Le CERN met à disposition environ 10 000 cœurs de processeurs de son principal centre de calcul. Cela ne représente toutefois qu'un tiers environ des « opérations de calcul » que l'équipe du CERN a réalisées pour Folding@home. Le reste correspond à des contributions faites directement par les sites de calcul pour le LHC. Ensemble, à la date du 21 avril, le CERN et les sites de calcul pour le LHC venaient au 87e rang des contributeurs.

« Les machines du Centre de calcul du CERN qui ont été mises à disposition devaient initialement être mises hors service, explique Jan van Eldik, chef de la section Approvisionnement en ressources (Resource Provisioning Services -RPS) du groupe Calcul et suivi (Compute and Monitoring - CM) au sein du département IT du CERN. Nous avons rapidement mis au point une procédure pour que des machines virtuelles exécutent Folding@home sur le nuage OpenStack du CERN avec ces machines. »

« Avec les expériences LHC, nous avons échangé des « recettes » similaires — pour optimiser la contribution des nœuds disponibles à Folding@home — avec des sites de calcul à travers toute la Grille de calcul mondiale pour le LHC (WLCG) » ajoute Simone Campana, chef du projet WLCG. Cela devrait faciliter les contributions des sites de calcul de la WLCG, dans le respect des accords en vigueur avec leurs organismes de financement.

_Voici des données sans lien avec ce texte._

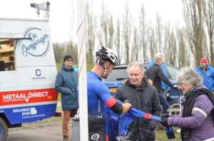 Ik kom aanrijden op een volle parkeerplaats, waar de tentjes al worden opgezet. De geur van puberzweet en gezonde spanning komt mij tegemoet. Nadat ik toch nog een vrij plekje gevonden heb, begeef ik mij naar het clubhuis. Daar zitten Astrid en Bernadette al klaar om de nummers uit te geven en de licenties in ontvangst te nemen. Als ik de heren parkoersbouwers vraag naar wat voor rondje er vandaag is neergelegd, dan krijg ik termen als “lastig”, “modderig”, “een mooi rondje” terug. Om dit met eigen ogen te ervaren, steek ik de weg over richting de fier wapperende vlaggen. Al rondkijkend zie ik dat er inderdaad een lastig rondje is uitgezet, waarbij twee de keer de krater wordt beklommen, gecombineerd met één keer de banaan, waar een verraderlijke schuine kant ligt. Die schuine kant is dan ook het punt waar veel renners hun verkenning op focussen. Ik zie angst bij sommige nieuwelingen, maar ook durfals die hem in één keer afrijden. “Dit is het mooiste rondje van het jaar!” komt mij ter ore en dan moet de koers nog beginnen…
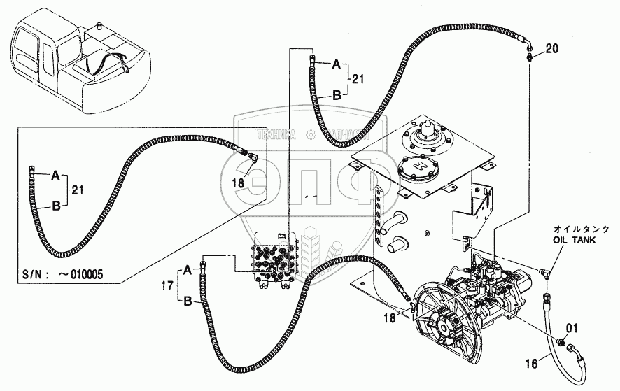 Каталог запасных частей к технике: Hitachi ZX-110. PILOT PIPING (B)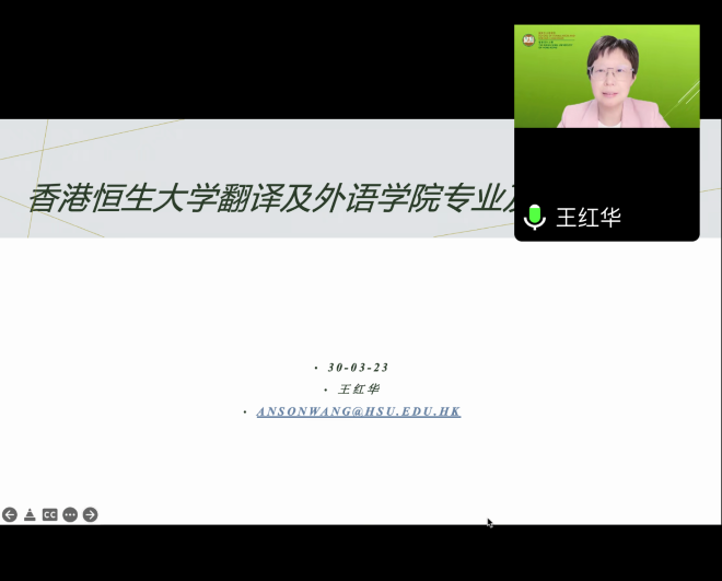 3月30日,外国语学院在线上举行专题学术讲座,本期讲座邀请香港恒生大学王红华博士进行主题分享。外国语学院院长方文开,党委副书记刘伯贤,副院长顾琦一、朱义华、谢竞贤等参加线上讲座。本期讲座由学院英语系主任孙志祥教授主持。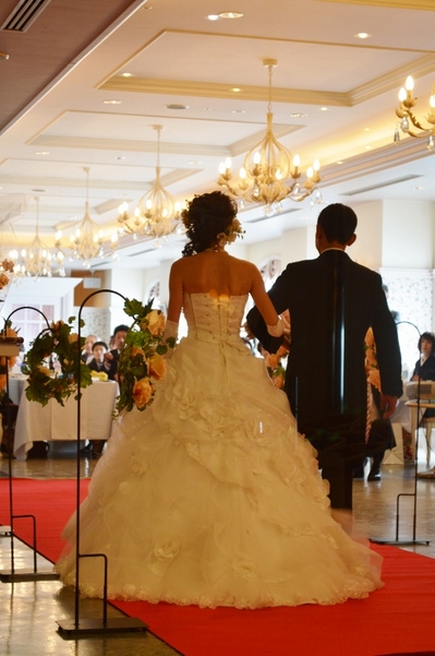 真っ赤なバージンロードを、レストラン会場に敷かせていただきました

« Open Science Grid, aux États-Unis, contribue également de manière importante au projet Folding@home » relève Ian Bird, chef du projet WLCG de 2008 à janvier 2020. Le CERN a également proposé ses services pour le support de l'infrastructure serveur de Folding@home, si besoin ».

Un certain nombre d'instituts de recherche contribuent au fonctionnement et à l'amélioration de Folding@home, projet dirigé par Greg Bowman, professeur associé à la Faculté de médecine de l'Université Washington à Saint-Louis (États-Unis). Bien sûr, Folding@home n'est qu'un projet parmi de nombreux autres projets d'informatique distribuée qui contribuent à lutter contre la pandémie de COVID-19. Rosetta@home est un autre projet de partage de ressources informatiques qui permet à tout un chacun, depuis chez soi, de participer à la lutte. Des travaux importants sont également menés en Europe, par exemple dans des centres de calcul de l'Institut national de physique nucléaire (INFN - Italie), et utilisent le service HADDOCK sur la plateforme WeNMR, soutenue par l'e-infrastructure EGI.